Depuis les attaques terroristes de vendredi dernier, tout le monde parle de guerre. Nous sommes en guerre. Je suis en guerre.
Je suis en guerre, mais pas contre les terroristes.
Vendredi 13, 129 personnes ont perdu la vie. 129 personnes qui se trouvaient au mauvais endroit au mauvais moment.
Depuis octobre dernier, 271 personnes trans ont été assassinées, pour ce qu’elles étaient. Elles étaient 226 l’année dernière. D’après le projet TVT, au cours des 8 dernières années, près de 2 000 personnes trans ont été assassinées dans le monde. À ces chiffres, il faudrait ajouter celles qui se sont suicidées, et celles dont la transidentité n’a pas été mentionnée et qui n’ont donc pas pu être ajoutées à la liste des personnes commémorées le 20 novembre pour le T-DoR.
Nous, trans, queers, faisons l’objet de campagnes de harcèlement, d’assassinats, et globalement de négation de nos identités et de privation de nos droits partout dans le monde. La manif pour tous et la monté de violences contre nos communautés qu’elle a engendrée en France au cours des dernières années m’inquiètent bien plus que des attaques terroristes potentielles.
Hier, mercredi 25 novembre, a eu lieu la journée mondiale de lutte contre les violences faites aux femmes. D’après l’ONU, « 1 femme sur 3 dans le monde est victime de violence physique ou sexuelle. La plupart de ces actes sont commis par son partenaire intime. »

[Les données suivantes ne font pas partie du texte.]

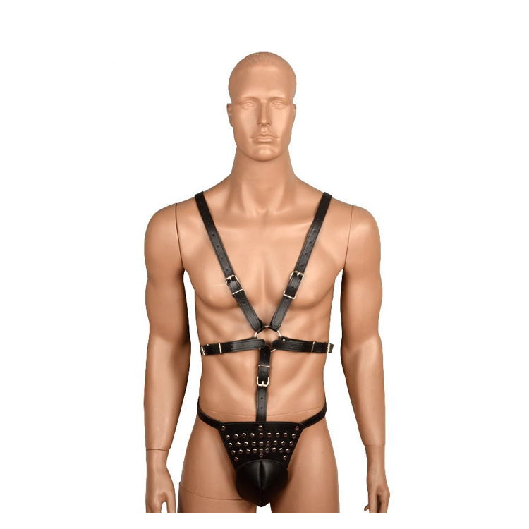 Male bondage harness chastity belt pants sexy lingerie slave costume cosplay clothes leather restrai
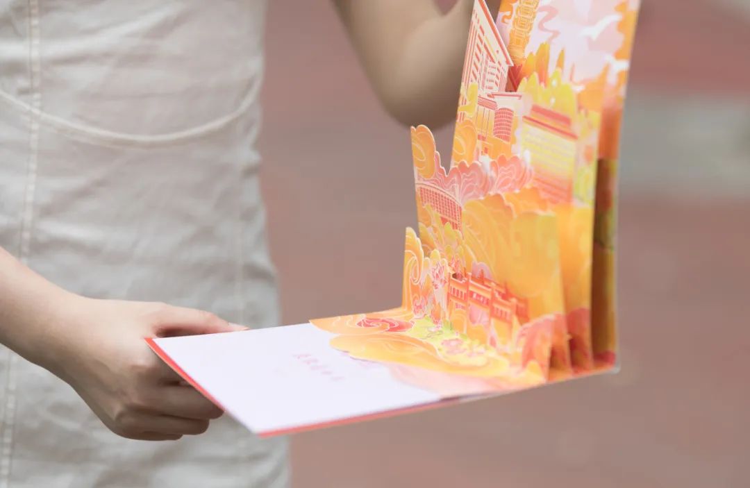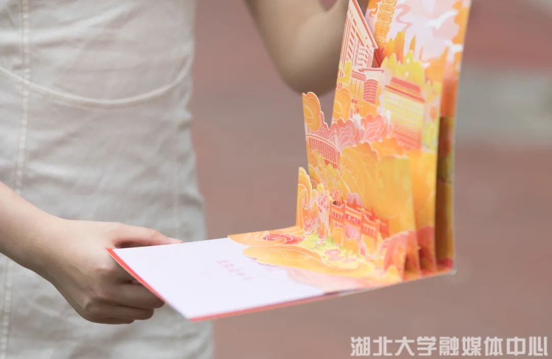 打开封壳的三折页,以橙黄色系为主调的风景插画映入眼帘,明亮的黄,配以热烈的橙,一幅三层多立体结构徐徐展开。内页的插画中,既有湖大校门、综合楼、图书馆等校园标志性建筑,也有黄鹤楼、沙湖等武汉地标,在展现湖大之姿的同时也展现了武汉的城市之美。此外,插画中还融入了荷花、奔腾之马等多种元素,寓意位于中国武汉沙湖之畔的湖大的学子们都能“以梦为马,不负韶华”。
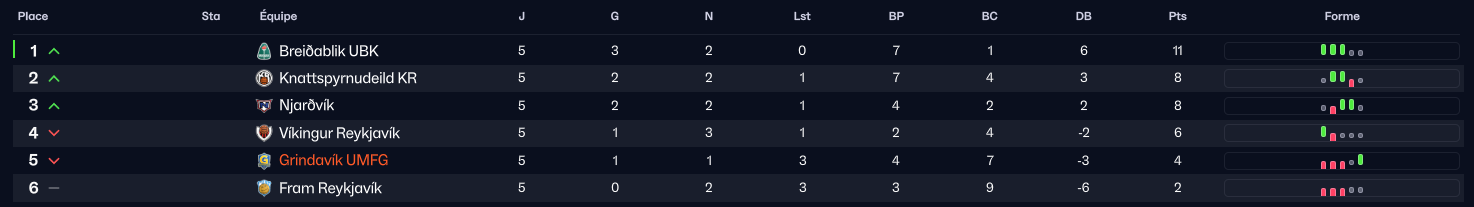 On peut voir que sur les 5 derniers matchs, Grindavik signe presque le pire bilan en terme de point.
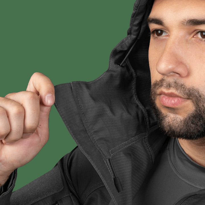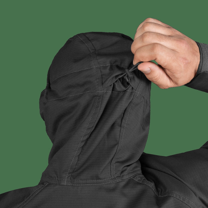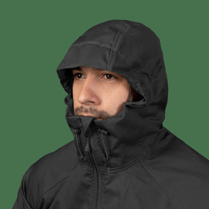 - High collar for chin protection and a hood with adjustments for fit and depth.
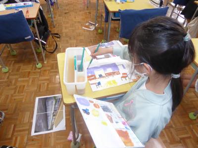 21日(金)、6年生は図工の時間に、木倉小のお気に入りの場所を描きました。
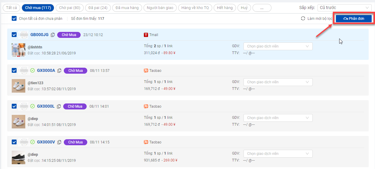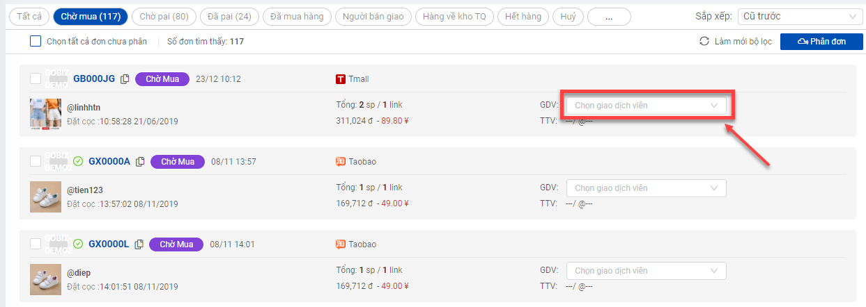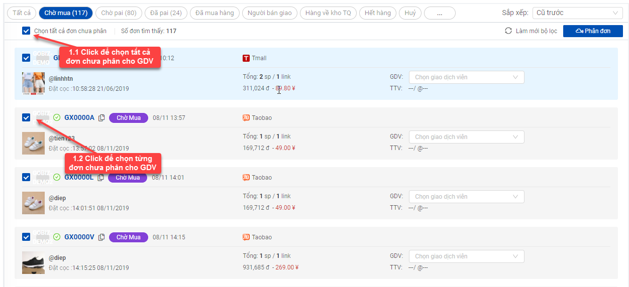 Bước 2: Thao tác phân nhiều đơn hàng cùng lúc cho GDV
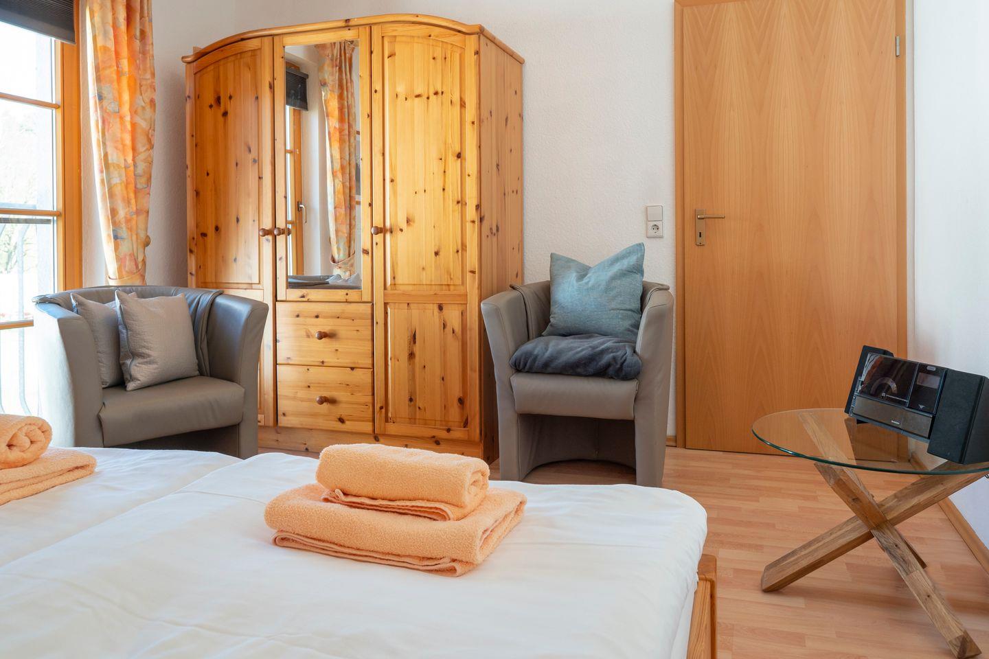 In einem Schlafzimmer befindet sich ein Doppelbett (2 Matratzen je 90 x 200) das zweite Schlafzimmer ist mit 2 Einzelbetten ausgestattet.

Combien faudra-t-il de morts liés à nos intolérances, à nos phobies, à nos racismes, à notre inaction pour que nous ayons peur de nous-mêmes et de ce que nous devenons ? Quand comprendrons-nous que les attaques du 13 novembre, aussi impressionnantes soient-elles, ne sont rien en comparaisons à ce que nous nous infligeons à nous mêmes entre gens gentils et pas terroristes ?
L’état d’urgence est déclaré, la guerre est partout, parce que ces attaques ont touché des blancs, des hommes, des hétéros, des riches, des éduqués. Parce que des gens qui n’ont jamais eu peur des discriminations et des agressions ont eu peur et ils ont décidé d’appliquer cette peur à tout le monde. Où étaient l’état d’urgence et le renforcement de la sécurité quand il s’agissait seulement de nos vies ? Nulle part. Parce qu’il s’agit de leur sécurité contre nos libertés. Et parce qu’ils n’abandonneront pas leurs libertés et leurs privilèges pour notre sécurité.
Je n’ai pas peur des terroristes. J’ai peur de nous, de notre société, des cathos-fachos, des mecs cis-hétéros-blancs-valides-privilégiés. J’ai peur parce que nous sommes incapables de nous remettre en question et de voir que nous sommes plus violents qu’eux.